Exercise:
Task for the records below: repeat the line containing "Menina com pigtails" and every line after it, exactly and with nothing else, but leave out the pictures.

Records provided section start

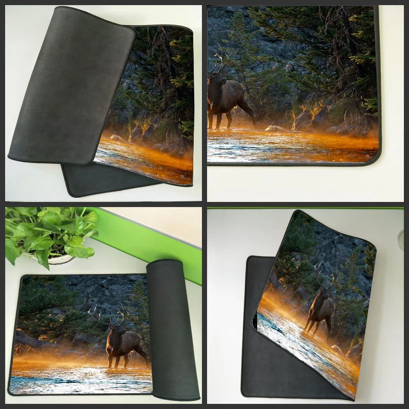Коврик для компьютерной игры Mairuige, коврик для мыши ранним утром, силуэт лося, красивое животное, фото, офисный стол, украшение, резиновый нескользящий
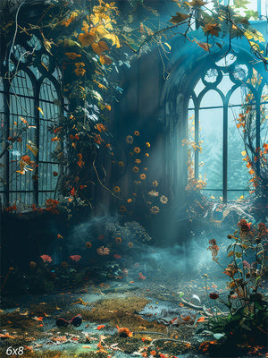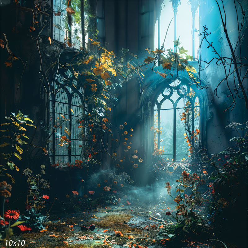 • General Description: An enchanting backdrop of an abandoned chapel overtaken by nature, complete with gothic windows, autumn leaves, flowers, and streaming sunlight. Perfect for creating a whimsical, fairy tale setting.
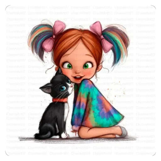 Menina com pigtails coloridos e vestido tie-dye beija um gato preto com colar laranja.
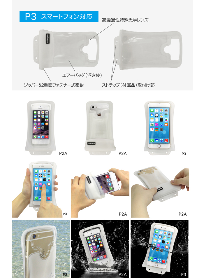 ●P3(スマートフォン対応):iPhone3G、3GS、4、4S、5、5S、5C、6、6Plus、対応スマホサイズ:約(縦)160mm×(横)84mm×(厚み)8.5mm以内
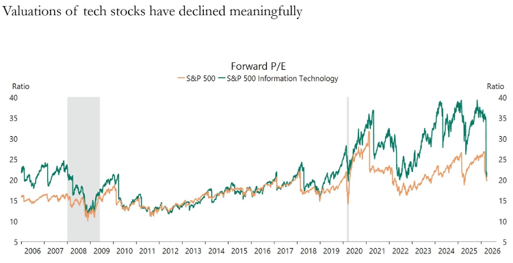 • As of April 11th, tech valuations have dropped from 40x to 20x, levels last seen before the AI boom began.
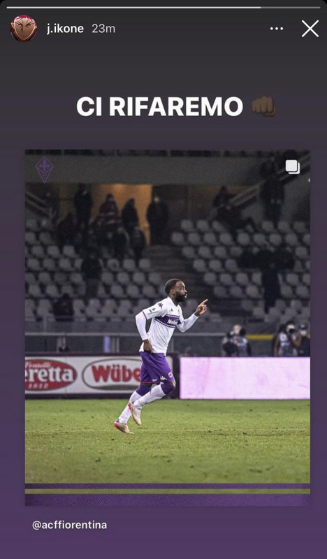 Jonathan Ikone, attaccante della Fiorentina, scrive su Instagram: "Ci rifaremo", dopo la sconfitta col Torino e alla vigilia della sfida col Napoli negli ottavi di Coppa Italia.
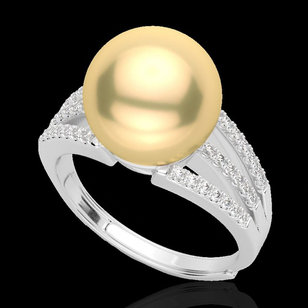 REF-39M3G - SKU: 22625 ---- 0.30 ctw Micro Pave VS/SI Diamond & Golden Pearl Ring 18k White Gold
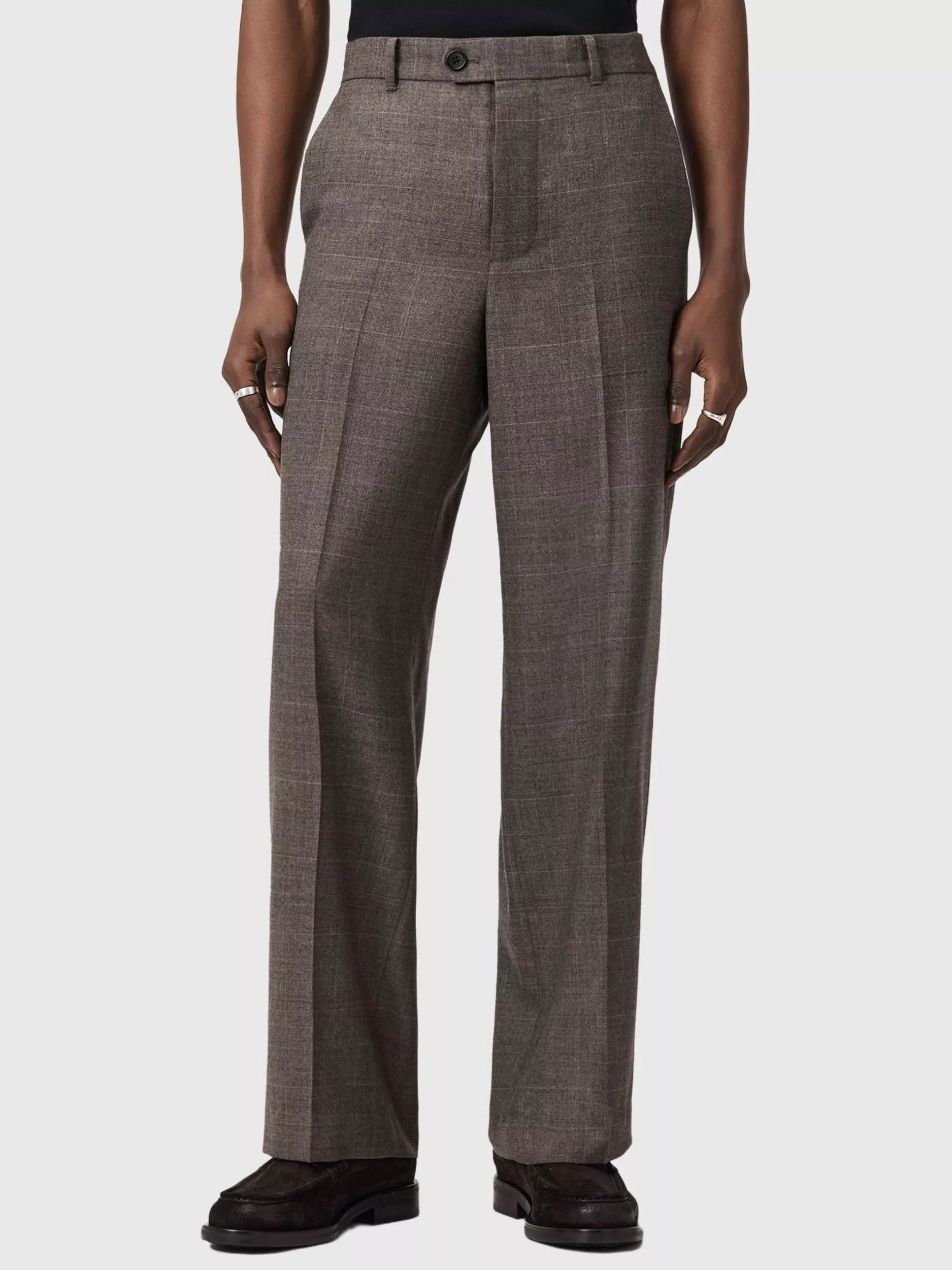 AllSaintsClover Check Wool Blend Trousers, Brown
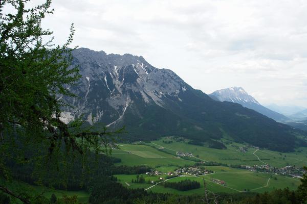 Blick vom Freienstein über den Talkessel um Gröbming-Winkl. Rechts hinten im Dunst - der Grimming. Links thront groß der Kammspitz. An seinem rechten Ausläufer der unscheinbare Fortsatz des Wintersteins.
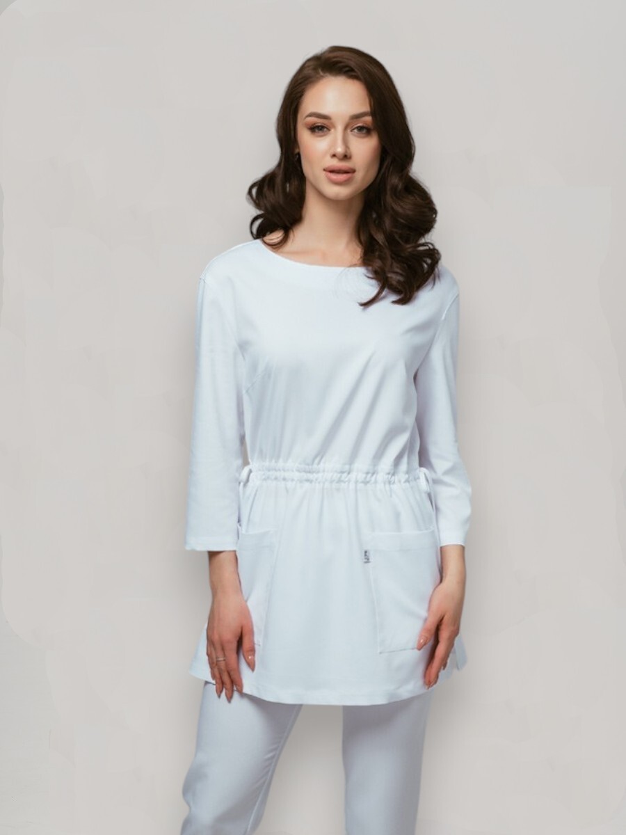 Блуза медицинская Бл-376 3/4, либерти люкс, белая.
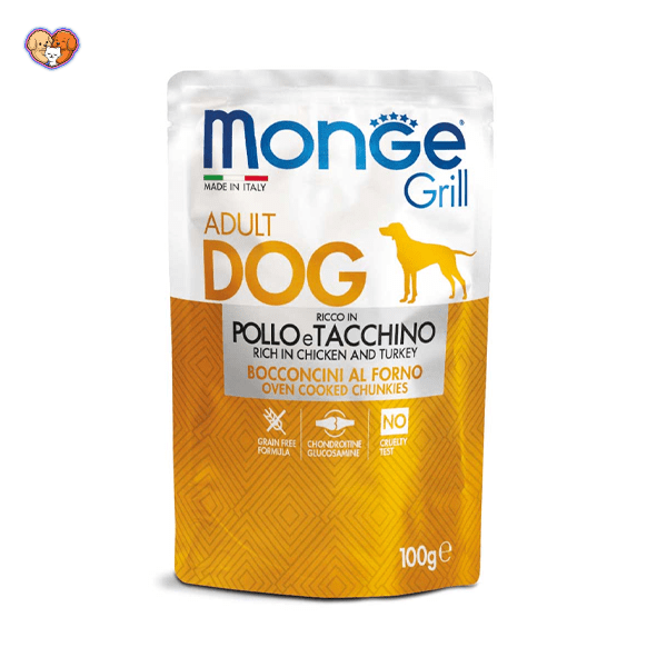 غذای مرطوب Monge Grill Adult Dog با طعم مرغ و بوقلمون، یک وعدهی کامل و خوشطعم برای سگهای بالغ است. این غذا شامل تکههای گوشت پختهشده در فر (Oven Cooked Chunkies) بوده و بافتی نرم و اشتهابرانگیز دارد. ترکیبات اصلی آن شامل مرغ و بوقلمون بهعنوان منابع با کیفیت پروتئین حیوانی هستند که به رشد عضلات و حفظ انرژی سگ کمک میکنند.
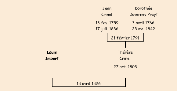 Epouse : Thérèse Crinel, fille de Jean et de Dorothée Duverney Preyt |
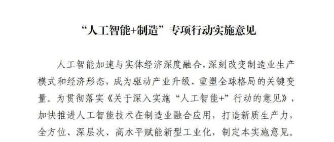 这份文件不是普通指导意见,而是国家层面“人工智能+”行动在制造业的落地版。
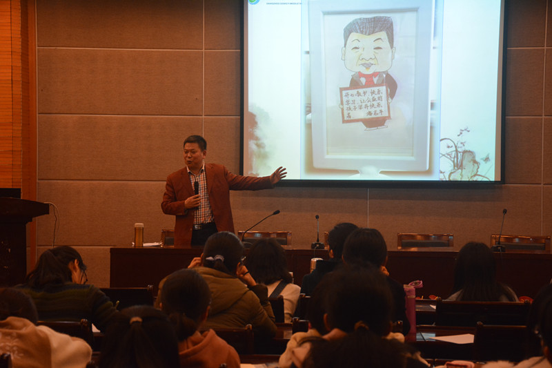 首先,潘校长提出“什么样的老师是好老师”的问题。他认为学生喜欢的就是好老师,并用自身的经历分享与学生之间的故事,总结了与学生沟通的点点滴滴,娓娓道来,如数家珍,他详细介绍了自己如何主动与学生打成一片,和学生一起打“群架”、一起玩三国杀,学生亲切的称呼他为阿潘校长。潘校长说学生因此很喜欢他,喜欢他就会喜欢他所教的科目、所带的班级,就会心情愉悦地把书读好。

Records provided section end

Solution for this exercise:
 Menina com pigtails coloridos e vestido tie-dye beija um gato preto com colar laranja.
 ●P3(スマートフォン対応):iPhone3G、3GS、4、4S、5、5S、5C、6、6Plus、対応スマホサイズ:約(縦)160mm×(横)84mm×(厚み)8.5mm以内
 • As of April 11th, tech valuations have dropped from 40x to 20x, levels last seen before the AI boom began.
 Jonathan Ikone, attaccante della Fiorentina, scrive su Instagram: "Ci rifaremo", dopo la sconfitta col Torino e alla vigilia della sfida col Napoli negli ottavi di Coppa Italia.
 REF-39M3G - SKU: 22625 ---- 0.30 ctw Micro Pave VS/SI Diamond & Golden Pearl Ring 18k White Gold
 AllSaintsClover Check Wool Blend Trousers, Brown
 Blick vom Freienstein über den Talkessel um Gröbming-Winkl. Rechts hinten im Dunst - der Grimming. Links thront groß der Kammspitz. An seinem rechten Ausläufer der unscheinbare Fortsatz des Wintersteins.
 Блуза медицинская Бл-376 3/4, либерти люкс, белая.
 غذای مرطوب Monge Grill Adult Dog با طعم مرغ و بوقلمون، یک وعدهی کامل و خوشطعم برای سگهای بالغ است. این غذا شامل تکههای گوشت پختهشده در فر (Oven Cooked Chunkies) بوده و بافتی نرم و اشتهابرانگیز دارد. ترکیبات اصلی آن شامل مرغ و بوقلمون بهعنوان منابع با کیفیت پروتئین حیوانی هستند که به رشد عضلات و حفظ انرژی سگ کمک میکنند.
 Epouse : Thérèse Crinel, fille de Jean et de Dorothée Duverney Preyt |
 这份文件不是普通指导意见,而是国家层面“人工智能+”行动在制造业的落地版。
 首先,潘校长提出“什么样的老师是好老师”的问题。他认为学生喜欢的就是好老师,并用自身的经历分享与学生之间的故事,总结了与学生沟通的点点滴滴,娓娓道来,如数家珍,他详细介绍了自己如何主动与学生打成一片,和学生一起打“群架”、一起玩三国杀,学生亲切的称呼他为阿潘校长。潘校长说学生因此很喜欢他,喜欢他就会喜欢他所教的科目、所带的班级,就会心情愉悦地把书读好。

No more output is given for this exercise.